» **Problem details**
For this exercise, write out only the lines of the entries below from the one with "辛华龙代表学校党委第二巡察组向麻豆av 党委反馈了巡察意见。他指出,麻豆av 党委坚持以习近平新时代麻豆av" up to and including the one with "Комплект 2 шт, Карандаши", exactly as they are. Pictures stay out.

» **Information shown**

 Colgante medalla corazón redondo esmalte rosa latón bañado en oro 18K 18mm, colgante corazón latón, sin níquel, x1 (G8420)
* * *
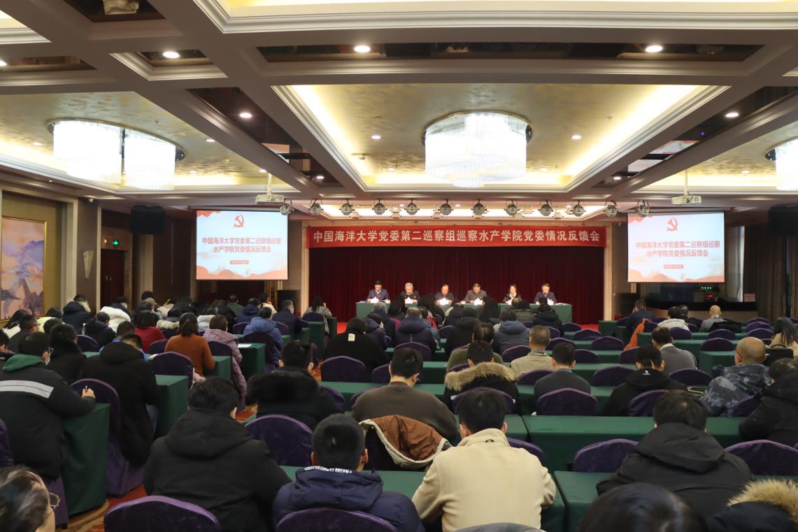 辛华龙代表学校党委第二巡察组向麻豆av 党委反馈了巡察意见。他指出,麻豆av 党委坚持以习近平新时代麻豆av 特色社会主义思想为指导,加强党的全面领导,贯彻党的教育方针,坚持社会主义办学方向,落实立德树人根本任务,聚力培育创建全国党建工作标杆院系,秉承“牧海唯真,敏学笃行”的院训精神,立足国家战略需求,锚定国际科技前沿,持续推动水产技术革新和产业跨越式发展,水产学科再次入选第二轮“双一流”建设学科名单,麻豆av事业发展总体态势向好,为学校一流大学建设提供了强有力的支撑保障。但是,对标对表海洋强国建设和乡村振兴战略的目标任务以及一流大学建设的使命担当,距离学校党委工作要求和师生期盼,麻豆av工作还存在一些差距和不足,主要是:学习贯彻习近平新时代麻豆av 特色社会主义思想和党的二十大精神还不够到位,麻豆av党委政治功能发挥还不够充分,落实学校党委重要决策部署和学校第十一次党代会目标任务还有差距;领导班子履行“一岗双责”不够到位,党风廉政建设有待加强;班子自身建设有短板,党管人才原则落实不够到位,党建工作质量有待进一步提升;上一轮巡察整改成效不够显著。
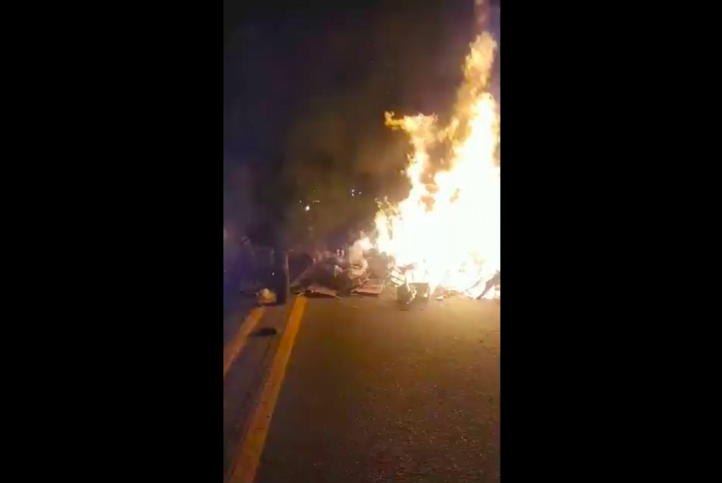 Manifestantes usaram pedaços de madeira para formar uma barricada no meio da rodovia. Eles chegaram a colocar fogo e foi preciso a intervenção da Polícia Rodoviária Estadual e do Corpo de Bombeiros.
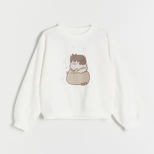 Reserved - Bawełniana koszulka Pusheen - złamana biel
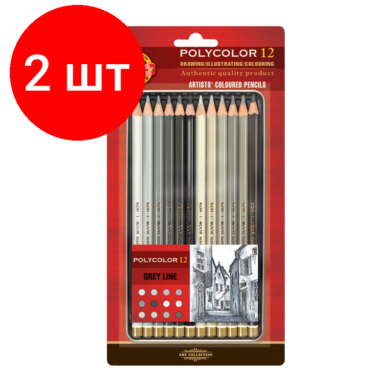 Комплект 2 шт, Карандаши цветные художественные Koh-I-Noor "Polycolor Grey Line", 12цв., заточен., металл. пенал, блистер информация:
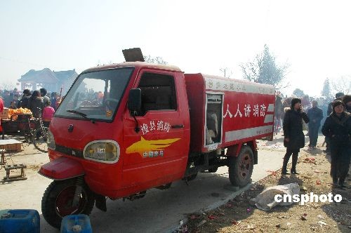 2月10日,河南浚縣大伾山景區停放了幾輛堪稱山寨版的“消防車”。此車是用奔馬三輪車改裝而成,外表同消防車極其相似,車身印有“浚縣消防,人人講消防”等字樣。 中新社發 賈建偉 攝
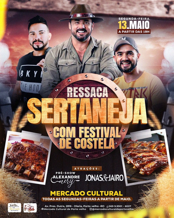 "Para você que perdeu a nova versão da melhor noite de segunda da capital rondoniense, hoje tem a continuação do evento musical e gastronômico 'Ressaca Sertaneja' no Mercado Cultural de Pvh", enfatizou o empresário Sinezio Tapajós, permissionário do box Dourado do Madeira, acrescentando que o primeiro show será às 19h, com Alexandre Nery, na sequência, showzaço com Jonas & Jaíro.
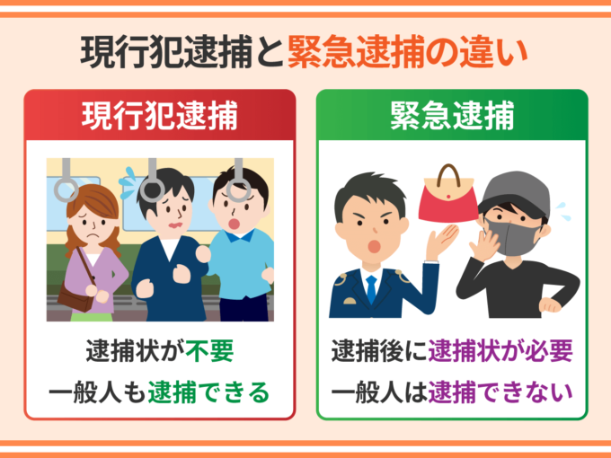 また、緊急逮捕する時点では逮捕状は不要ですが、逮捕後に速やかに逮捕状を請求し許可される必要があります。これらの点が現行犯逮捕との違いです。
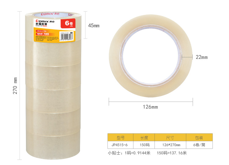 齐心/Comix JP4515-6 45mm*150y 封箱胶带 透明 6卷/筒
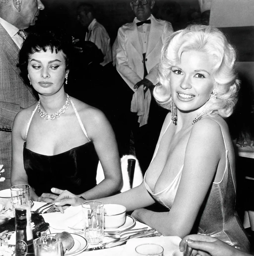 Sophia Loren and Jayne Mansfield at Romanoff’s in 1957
...
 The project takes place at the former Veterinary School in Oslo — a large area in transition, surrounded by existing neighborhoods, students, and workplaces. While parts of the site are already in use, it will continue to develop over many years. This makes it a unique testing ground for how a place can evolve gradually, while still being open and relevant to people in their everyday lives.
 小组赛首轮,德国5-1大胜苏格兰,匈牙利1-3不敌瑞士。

» **Result below**
 辛华龙代表学校党委第二巡察组向麻豆av 党委反馈了巡察意见。他指出,麻豆av 党委坚持以习近平新时代麻豆av 特色社会主义思想为指导,加强党的全面领导,贯彻党的教育方针,坚持社会主义办学方向,落实立德树人根本任务,聚力培育创建全国党建工作标杆院系,秉承“牧海唯真,敏学笃行”的院训精神,立足国家战略需求,锚定国际科技前沿,持续推动水产技术革新和产业跨越式发展,水产学科再次入选第二轮“双一流”建设学科名单,麻豆av事业发展总体态势向好,为学校一流大学建设提供了强有力的支撑保障。但是,对标对表海洋强国建设和乡村振兴战略的目标任务以及一流大学建设的使命担当,距离学校党委工作要求和师生期盼,麻豆av工作还存在一些差距和不足,主要是:学习贯彻习近平新时代麻豆av 特色社会主义思想和党的二十大精神还不够到位,麻豆av党委政治功能发挥还不够充分,落实学校党委重要决策部署和学校第十一次党代会目标任务还有差距;领导班子履行“一岗双责”不够到位,党风廉政建设有待加强;班子自身建设有短板,党管人才原则落实不够到位,党建工作质量有待进一步提升;上一轮巡察整改成效不够显著。
 Manifestantes usaram pedaços de madeira para formar uma barricada no meio da rodovia. Eles chegaram a colocar fogo e foi preciso a intervenção da Polícia Rodoviária Estadual e do Corpo de Bombeiros.
 Reserved - Bawełniana koszulka Pusheen - złamana biel
 Комплект 2 шт, Карандаши цветные художественные Koh-I-Noor "Polycolor Grey Line", 12цв., заточен., металл. пенал, блистер информация:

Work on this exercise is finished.